# YOUR TASK:
The entries below contain pictures. Write out only the lines from the line with "A vertical stripe" up to and including the line with "Przedwczoraj Solana osiągnęła", exactly, without them.

# EXTRACTED MATERIAL:

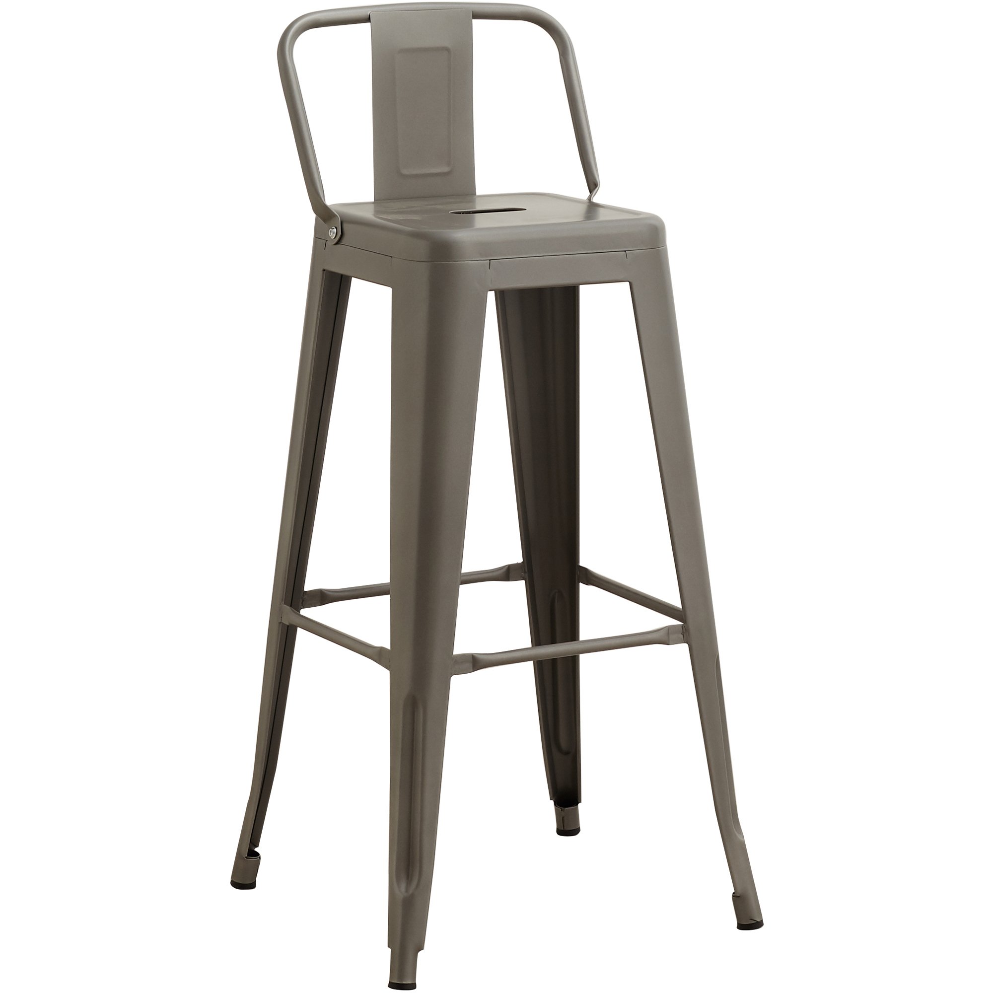 Barstol med ryggstöd Industriell design Stålplåt Grå metall Utomhus/Inomhusbruk | Adexa WW62DG
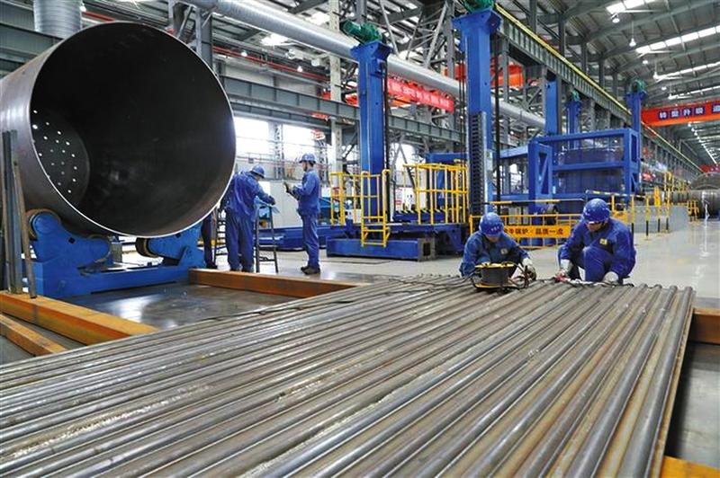 8月22日,陕西建工金牛集团股份有限公司车间内,工人们在对节能环保锅炉进行加工作业。据悉,该企业拥有专利20多项,在超低氮排放技术、煤炭的高效清洁利用技术等方面全国领先。
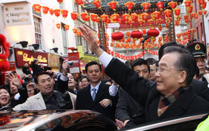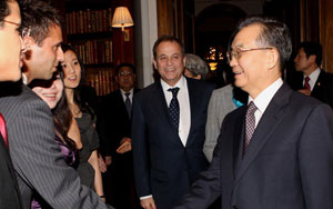 温家宝看望中国驻英使馆工作人员、华侨华人代表
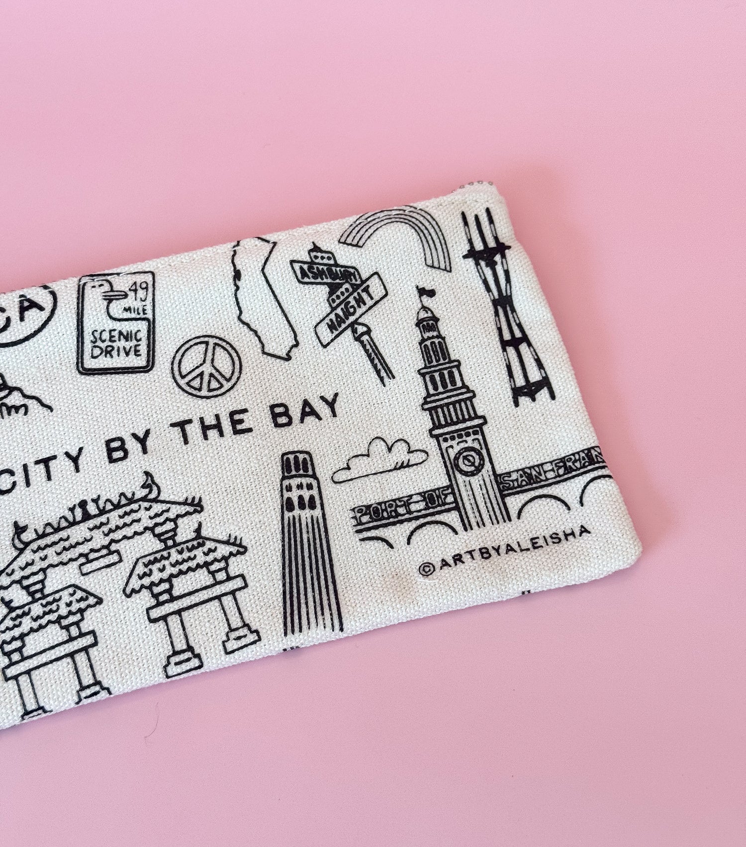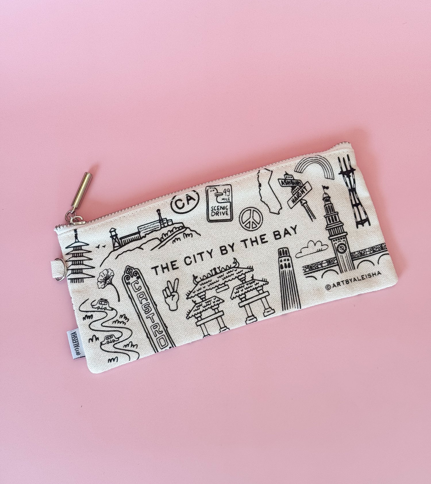 Organize in style with our durable 9"x4" canvas pencil pouch featuring Aleisha’s hand-illustrated design of San Francisco’s most beloved icons — from the Golden Gate Bridge to the cable cars and Painted Ladies. The design is screen-printed for a bold, lasting finish. The long-lasting metal zipper keeps everything secure whether you’re on the go or at your desk. A practical keepsake with a creative twist — perfect for locals, travelers, and dreamers who left their heart in San Francisco.
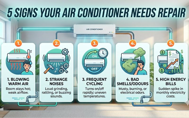This guide covers the top 5 signs your air conditioner needs repair—so you can make a move before it’s too late.
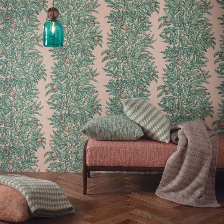 A vertical stripe pattern wallpaper comprising decorative fruit-filled medlar trees, available here in a soft blue colourway.
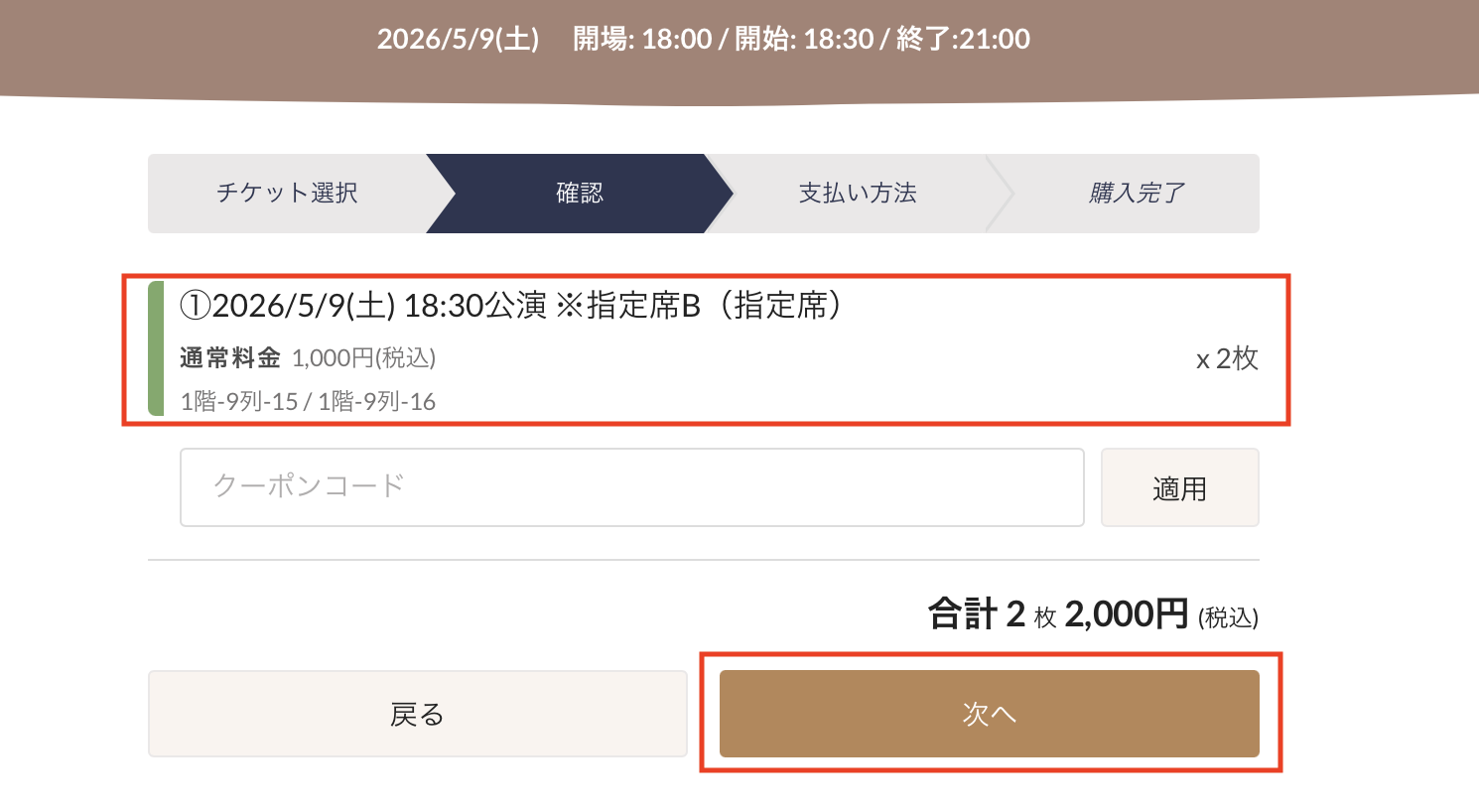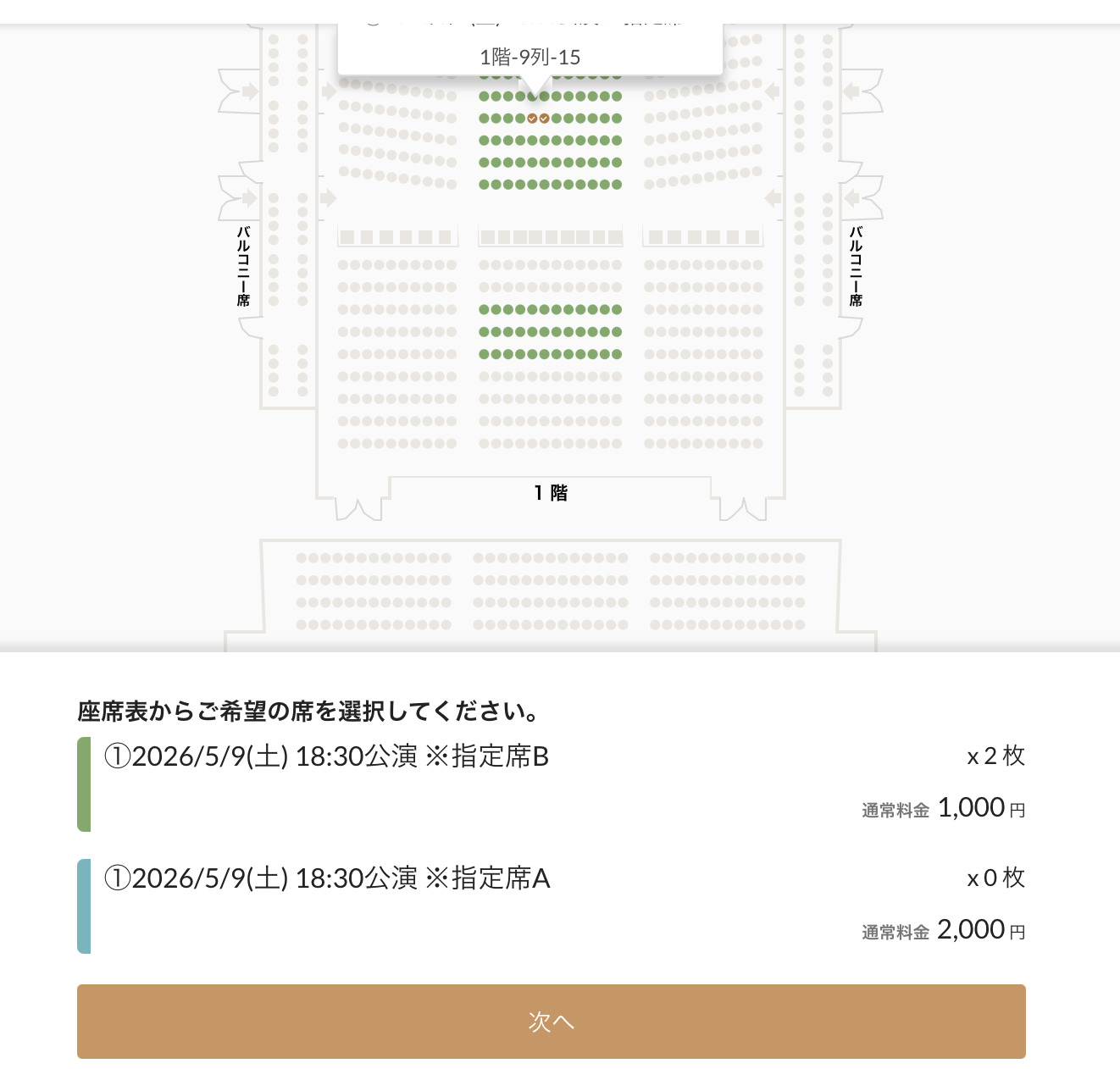 ③座席を選択(購入ページで選択可能)→次へ進む (※1公演ごとのチケット選択となります。)
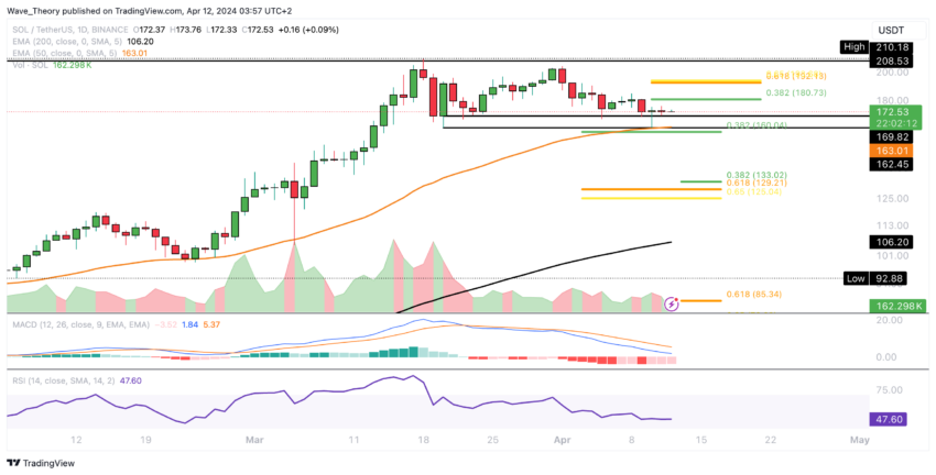 Przedwczoraj Solana osiągnęła 50-dniowe wsparcie EMA na poziomie 0,382 Fib, w przybliżeniu przy 160 USD. Następnie mocno się odbiła. Obecnie cena SOL napotyka znaczące opory Fib w okolicach 180 USD i 195 USD.
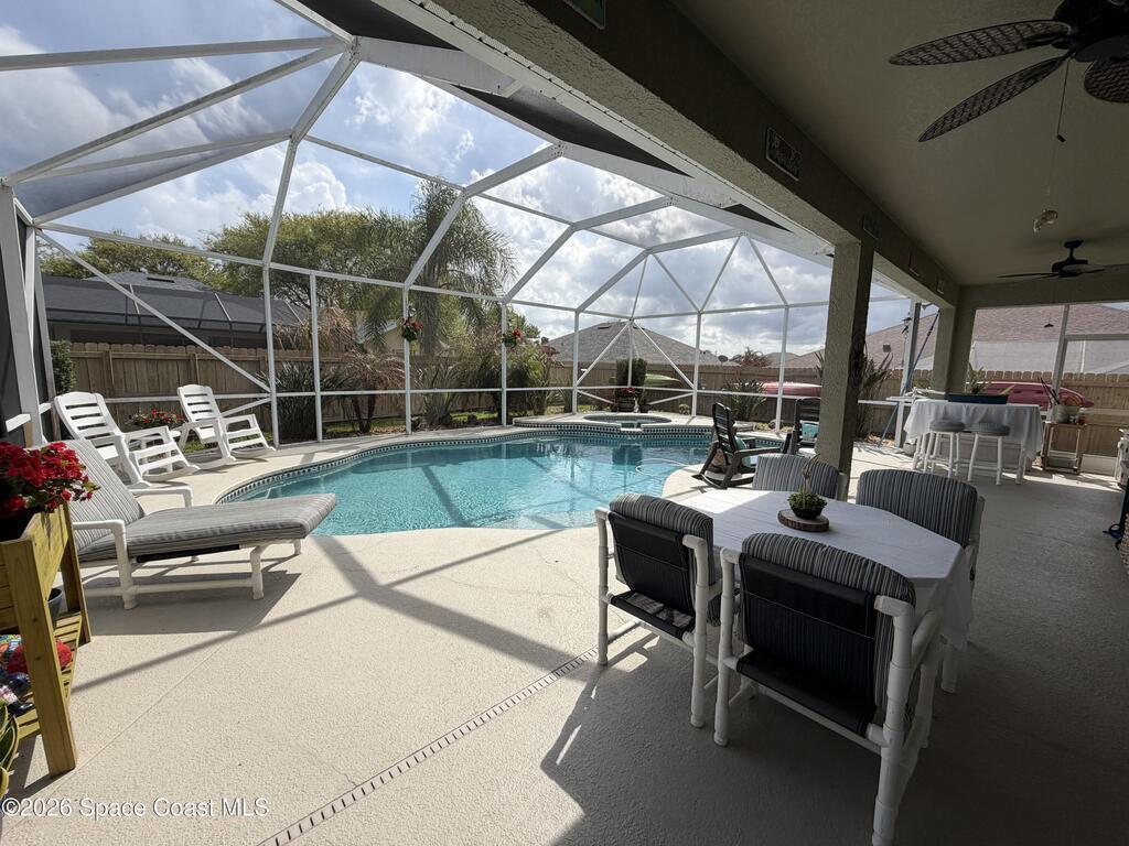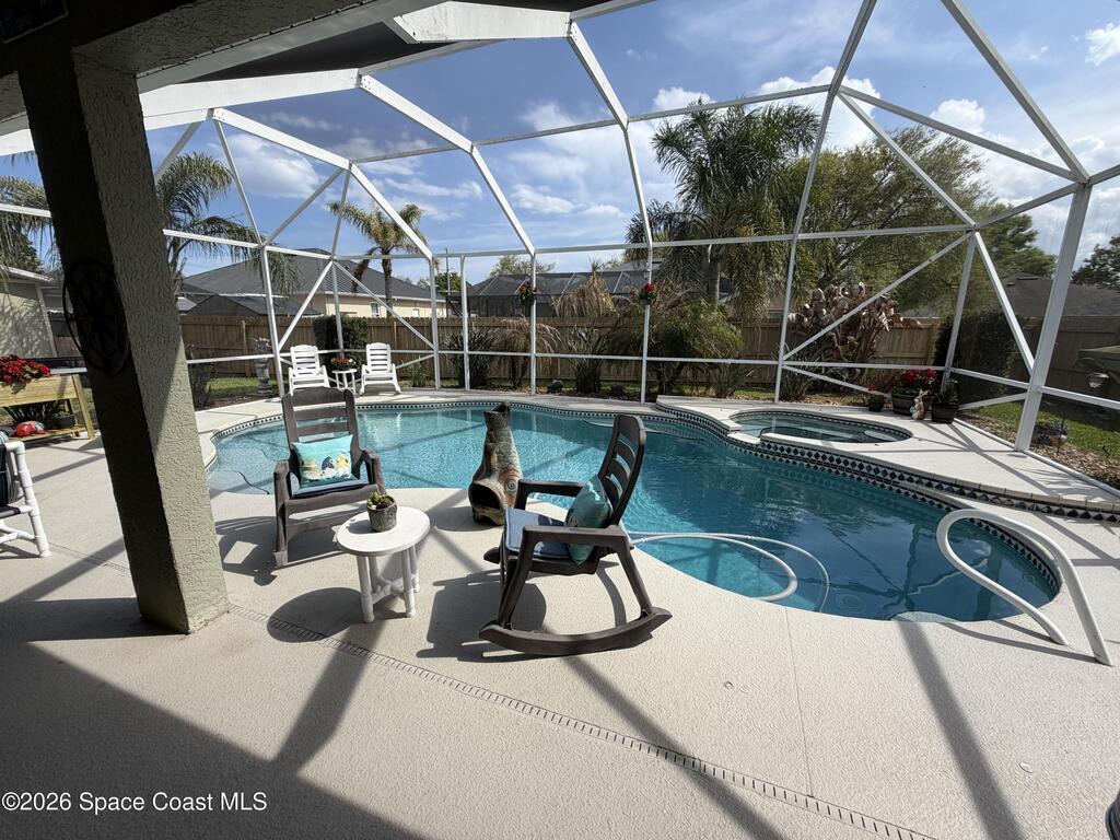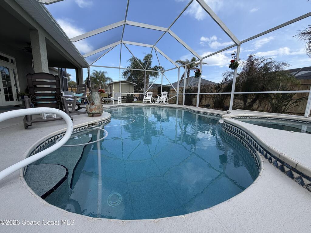 Solid CBC w STEEL STUDS! Gorgeous very well kept 4/2 in desirable Laurel Run. Split and open floor plan with French doors from the family room and primary suite to the sparkling pool and spa, resurfaced, with a fully screened enclosure with guest bath access. 9' ceilings. 14x15 paver patio out back for a fire pit or additional entertainment space. NEW pool heater and pump Fall of 2025. Real hardwood floors throughout main living area, carpet in bedrooms and tile in baths and interior laundry/utility room. Nicely appointed with updated kitchen and baths. Double pane windows throughout. Roof May 2021, HVAC Dec. 2022, Water heater 2020, New irrigation well 2019, Beautifully landscaped with low maintenance plants and river rocked beds. Fenced back yard with double reinforced gates on both sides with plenty of room for smaller RVs, boats, kayaks and toys. High and dry lot. 10x12 stud built and shingle roofed shed to match home. Additional features list available.

# WRITTEN ANSWER:
 A vertical stripe pattern wallpaper comprising decorative fruit-filled medlar trees, available here in a soft blue colourway.
 ③座席を選択(購入ページで選択可能)→次へ進む (※1公演ごとのチケット選択となります。)
 Przedwczoraj Solana osiągnęła 50-dniowe wsparcie EMA na poziomie 0,382 Fib, w przybliżeniu przy 160 USD. Następnie mocno się odbiła. Obecnie cena SOL napotyka znaczące opory Fib w okolicach 180 USD i 195 USD.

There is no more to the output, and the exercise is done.